JAKARTA, KOMPAS.com - Pernyataan Jaksa Agung Sanitiar (ST) Burhanuddin terkait Tragedi Semanggi I dan II dinyatakan sebagai perbuatan melawan hukum oleh Pengadilan Tata Usaha Negara (PTUN) Jakarta, Rabu (4/11/2020).
Dalam Rapat Kerja dengan Komisi III DPR RI pada Januari 2020, Burhanuddin mengatakan bahwa kasus Tragedi Semanggi I dan II bukan merupakan pelanggaran HAM berat.
Pernyataan itu kemudian digugat oleh keluarga korban ke PTUN karena dinilai akan menghambat proses penuntasan kasus yang sedang berjalan.
Pihak keluarga korban yang melayangkan gugatan yaitu Maria Katarina Sumarsih, ibunda almarhum Bernardinus Realino Norma Irmawan alias Wawan; dan Ho Kim Ngo, ibunda almarhum Yap Yun Hap.
Bernardinus Realino Norma Irmawan merupakan mahasiswa yang menjadi korban dalam peristiwa Semanggi I, 13 November 1998. Sedangkan Yap Yun Hap adalah mahasiswa UI yang meninggal saat peristiwa Semanggi II, 24 September 1999.

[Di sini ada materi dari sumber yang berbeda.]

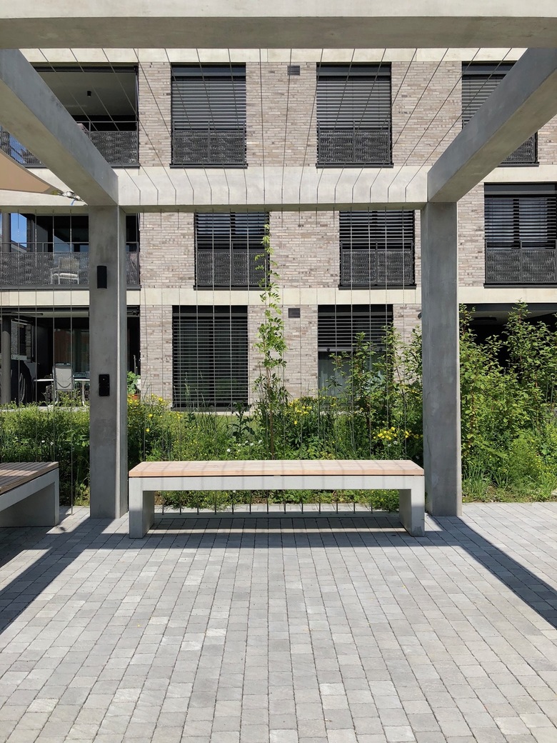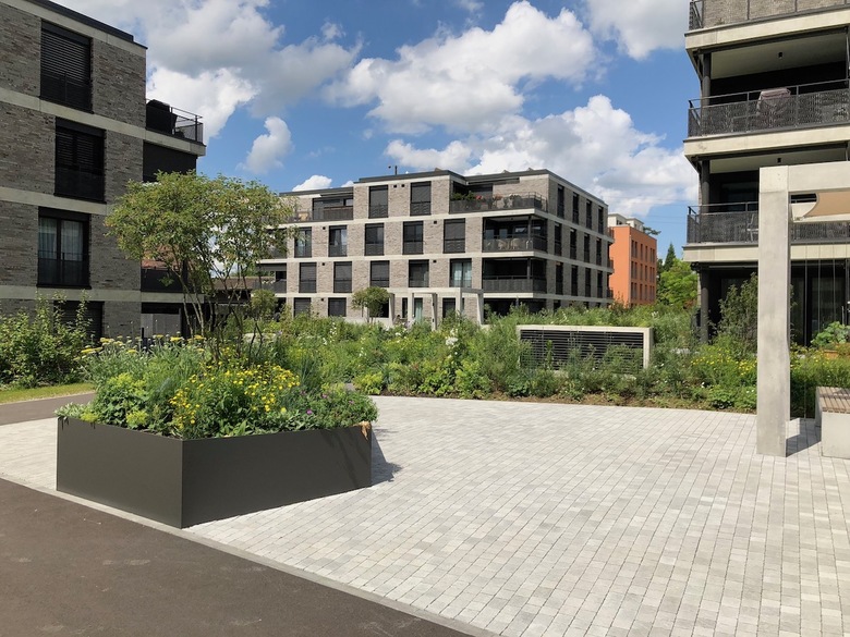 Geplant sind vier viergeschossige Mehrfamilien- häuser mit 68 Mietwohnungen. Die Baukörper sind kompakt und die Grundrisses effizient ent- worfen, sodass diese nachhaltig und kostengünstig erstellt werden können. Die einfache Statik unterstützt dies. Das Wegnetz schliesst an die bestehenden Struk- turen an und gewährt mit Geländemodellierungen sowie Bepflanzungen die Privatsphäre der erdgeschossigen Wohnungen.
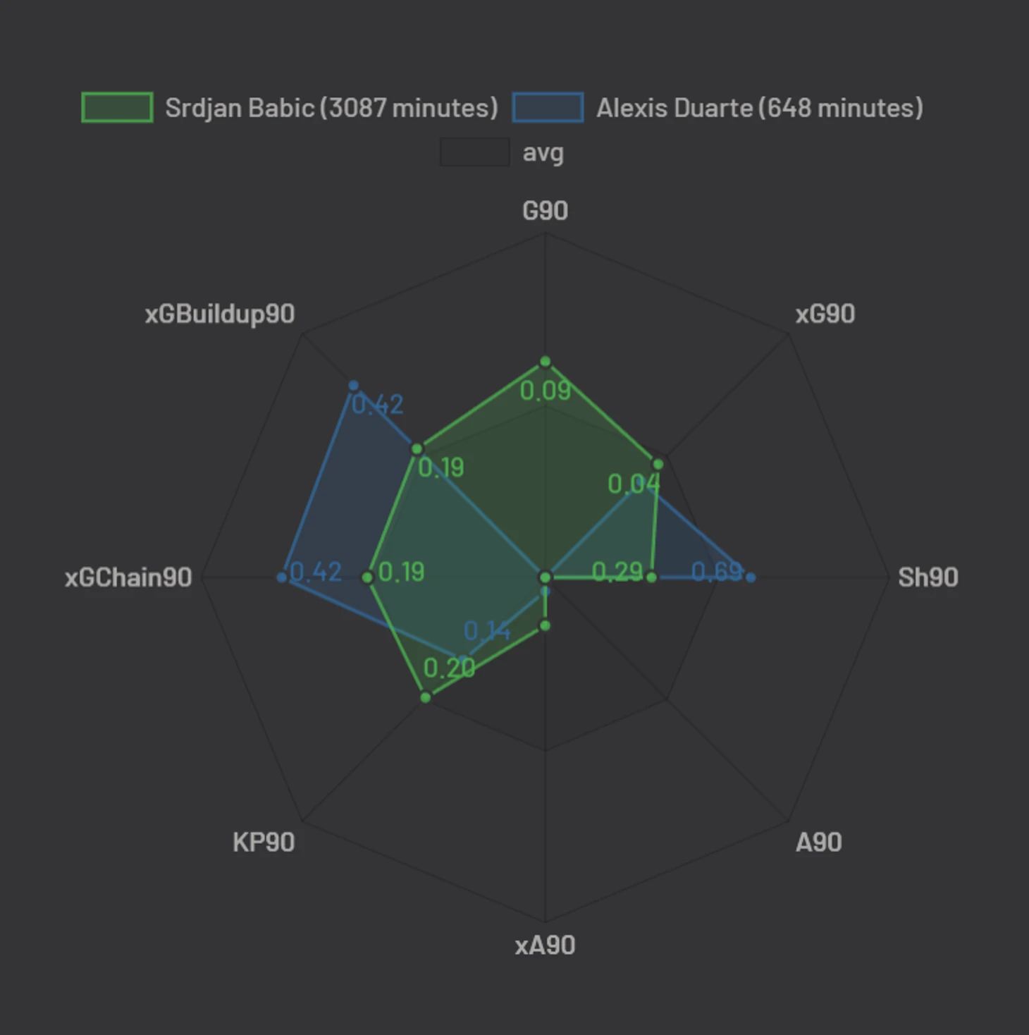 Собственно чтобы понять насколько он превосходит или уступает спартаковцам.Взглянем на сравнительную метрику между сербом и Дуарте, к примеру.

Baca juga: Utang yang Tak Kunjung Lunas: Pelanggaran HAM Berat pada Masa Lalu
Majelis hakim PTUN Jakarta kemudian mengabulkan gugatan pemohon. Putusan ini menjadi kemenangan bagi keluarga korban dalam memperjuangkan hak atas keadilan dan penuntasan kasus.
"Menyatakan tindakan pemerintah berupa penyampaian tergugat dalam Rapat Kerja antara Komisi III DPR RI dan Jaksa Agung adalah perbuatan melawan hukum oleh badan dan/atau pejabat pemerintahan,” dikutip dari putusan dalam dokumen yang diunggah di laman Mahkamah Agung (MA), Rabu.
Selain itu, majelis hakim mewajibkan Jaksa Agung memberi pernyataan yang sebenarnya dalam rapat dengan Komisi III DPR RI.
"Mewajibkan tergugat untuk membuat pernyataan terkait penanganan dugaan pelanggaran HAM berat Semanggi I dan Semanggi II sesuai dengan keadaan yang sebenarnya dalam rapat kerja dengan Komisi III DPR RI berikutnya, sepanjang belum ada putusan atau keputusan yang menyatakan sebaliknya."
Majelis hakim juga menghukum Jaksa Agung untuk membayar biaya perkara sebesar Rp 285.000.
Salah satu penggugat, Sumarsih, menilai putusan PTUN Jakarta sebagai langkah maju dalam mewujudkan penegakan supremasi hukum.
"Bagi kami, kemenangan gugatan ini tentu saja meneguhkan harapan terwujudnya agenda ketiga reformasi, yaitu tegakkan supremasi hukum yang diperjuangkan gerakan mahasiswa '98," kata Sumarsih dalam konferensi pers secara daring, Rabu.
Baca juga: Komnas HAM Minta Pemerintah Tuntaskan Proses Hukum Tragedi Semanggi
Selain itu, putusan tersebut dinilai menjadi pintu masuk dalam memastikan agar pejabat negara bertindak sesuai aturan yang berlaku.
Sumarsih berharap, gugatan itu dapat menjadi pelajaran bagi jajaran Kejaksaan Agung selaku aparat penegak hukum agar memahami tugas dan kewajibannya.
"Sehingga, Indonesia sebagai negara hukum ini benar-benar bisa terwujud. Jangan sampai kemudian negara hukum ini menjadi negara yang melanggengkan impunitas," tutur dia.